Следует добавить, что в конце 1800-х – начале 1810-х годов восточные мотивы в жизни князя не исчерпывались архитектурными экзерсисами: так, за жившими в оранжереях (может быть, точнее: в зимнем саду) многочисленными птицами Юсупова присматривал “татарин” Мамбек; в доме жили также обезьяна и подаренная князю почтмейстером П. Ф. Катковым девочка-калмычка “Олинка”, расхаживавшая в восточном костюме и танцевавшая под звуки бубна и аккомпанемент гуслей; тогда же Юсупов приобретал музыкальные инструменты “для турецкой музыки”, а в интерьерах, наряду с коллекциями европейской живописи, скульптуры и предметов декоративно-прикладного искусства, были представлены предметы с Дальнего Востока, из Центральной и Средней Азии, Персии, Мавритании.[15] Позднее один из современников вспоминал об обезьянах, перевозимых весной из Москвы в Архангельское в 1820-е годы, и, следовательно, осенью из Архангельского в Москву, о восточных ассоциациях от оранжерей в доме на Б. Харитоньевском:
“Когда я впоследствии читал “Руслана и Людмилу”, то при описании волшебных садов Черномора невольно вспомнил оранжереи Юсупова.”[16]
Также в связи с юсуповскими оранжереями более сложный и изысканный, почти брюлловский мотив, звучит в воспоминаниях А. И. Герцена:
“Небольшая зала, в которой был приготовлен обед, примыкала к оранжерее, одна стеклянная дверь отделяла их от нее; они отворили дверь, их обдало благоуханием юга.
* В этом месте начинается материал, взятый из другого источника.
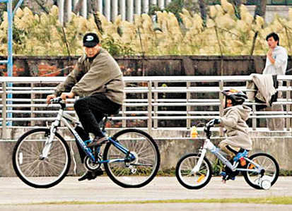 記者上前跟他們打招呼,曾馨瑩即使挺大肚子也動作敏捷地彈開,留下郭臺銘“一夫當關”邊騎單車邊應付記者,問他曾馨瑩肚內孩子的性別,郭臺銘說:“太太比較喜歡女孩子,我自己男女都喜歡,不過我不想破壞大自然法則,性別暫時不說。”

Дыхание детей пламенной природы располагало к неге и к чувственно-огненной страсти, к dolce far niente. Зачем из венчиков этих цветков не вышли вечно юные гурии восточного рая! Зачем не принесли холодного шербета, зачем стройные одалиски не веяли пестрыми опахалами, опуская длинные ресницы своих черных глаз и бросая свежие розовые листки в вино!”[17]
В этих реакциях не было ничего необычного, поскольку зимние сады – а Юсупов использовал свои оранжереи и в таком качестве, то есть не только в сельскохозяйственных целях – вплоть до 1850-х годов в России (в том числе посетившим Россию Т. Готье) ассоциировались с “тропиками”, с Востоком и даже порой оформлялись в мавританском стиле.[18]
И хотя по отдельности все эти восточные персонажи, существа, затеи и предметы совершенно не означали, что их хозяин ощущает в себе азиата, – тех же обезьян и верблюдов польские аристократы держали в своих имениях совсем не как элемент “сарматизма”,[19] – в случае с Юсуповым мы не можем с уверенностью сказать, что он действовал исключительно как европеец или руководствовался законами моды. Все-таки слишком много восточных следов обнаруживается в его быту. К тому же самое происхождение Юсупова и наличие у него некоторого татарского этнического чувства не позволяет однозначно решить, что он, ориентализируя свою жизнь, просто следовал вполне общеевропейской эстетике вельможного быта. И современниками эти феномены могли восприниматься не как декоративные детали, но как знаки восточного происхождения Юсупова и проявления его полуварварских вкусов.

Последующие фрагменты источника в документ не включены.